【上海(中国)=竹本穂乃加】ショートプログラム(SP)2位の「りくりゅう」こと三浦璃来(22)木原龍一(31)組(木下グループ)が、フリー125・16点の合計190・77点で2位となった。木原が腰椎分離症から復帰後、練習再開から約1カ月での出場となったが、最後まで滑り切って銀メダルを獲得。2連覇が懸かる世界選手権(3月、カナダ・モントリオール)への再出発となった。

音が止まると木原は、ほほ笑む三浦に笑いかけた。「俺、頑張ったよね?」「うん、頑張った!」。昨年9月のオータムクラシック以来となる実戦復帰で、納得の銀。けがなく演技を終え、ホッと息をついた。

完走だけで良かった。今季は、夏に木原を襲った腰椎分離症の影響でグランプリ(GP)シリーズ2戦と全日本選手権を欠場。長期離脱の中、今大会に照準を定めたのは昨年末だった。年明け2週目、ペアの練習を始める。フリーの曲かけ練習を最後まで通せたのは約1週間前だった。回数にして、わずか3回。それでも、帰ってきた2人の氷上の表情は晴れやかだった。

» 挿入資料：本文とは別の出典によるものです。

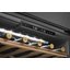 Встраиваемые холодильники для вина оснащаются специальной системой вентиляции: охлаждающая система у них находится в нижней части корпуса спереди. На такие устройства не навешивается мебельный фасад: дверца с затемненным стеклом остается на виду и открывается на достаточно широкий угол для свободного выдвижения деревянных полок.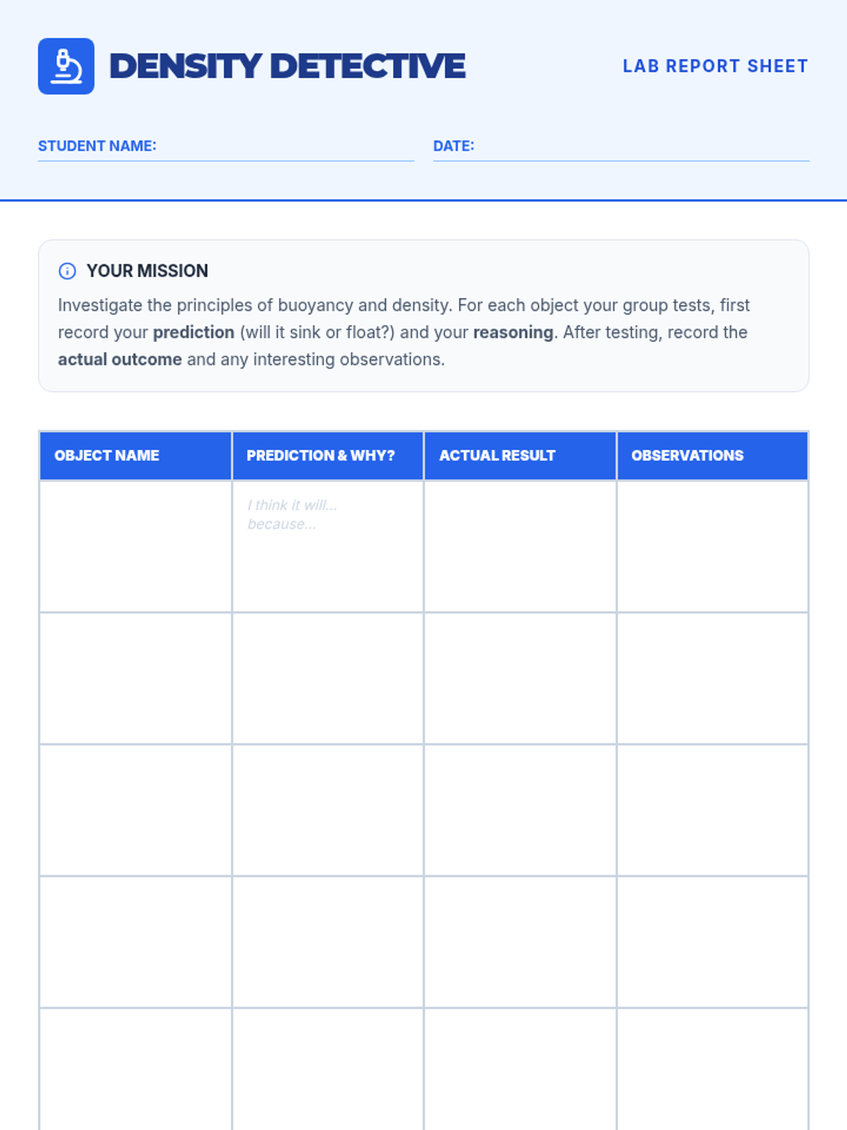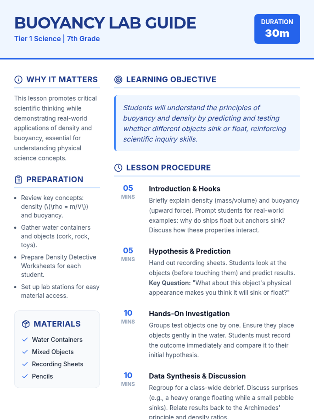 A hands-on exploration of buoyancy and density where 7th-grade students predict and test the floating properties of various objects through scientific inquiry.

三浦は、SP後に届いた1通のLINEを思い返した。「けがが完治するまで待ってくれてありがとう。すごく感動したよ」。木原の母からの連絡だった。昨季は自身が左肩脱臼。今季は木原の復調を待っていた三浦は「龍一くんのお母さんのために笑顔で滑ろうと思ってました」。木原は「僕のためには滑らないんだ」と笑いつつ、また絆が強まる時間を過ごしていた。

V2が期待される世界選手権へ、現在地を知る機会となった。約4カ月ぶりの実戦は、スロー3回転ループで転倒するミスも出たが「悔しい思いの方が多かったけど、伸びしろがいっぱい」と木原。前を向けるのも、復帰したからこそだ。

ブランクはあれ、昨季のGPファイナル、4大陸選手権と世界選手権を制し、日本勢初の「年間グランドスラム」を達成した世界王者。「また一段階上のレベルへ戻っていかないといけない」と再起した木原が、支えてくれたパートナー三浦と再登頂へ歩き出した。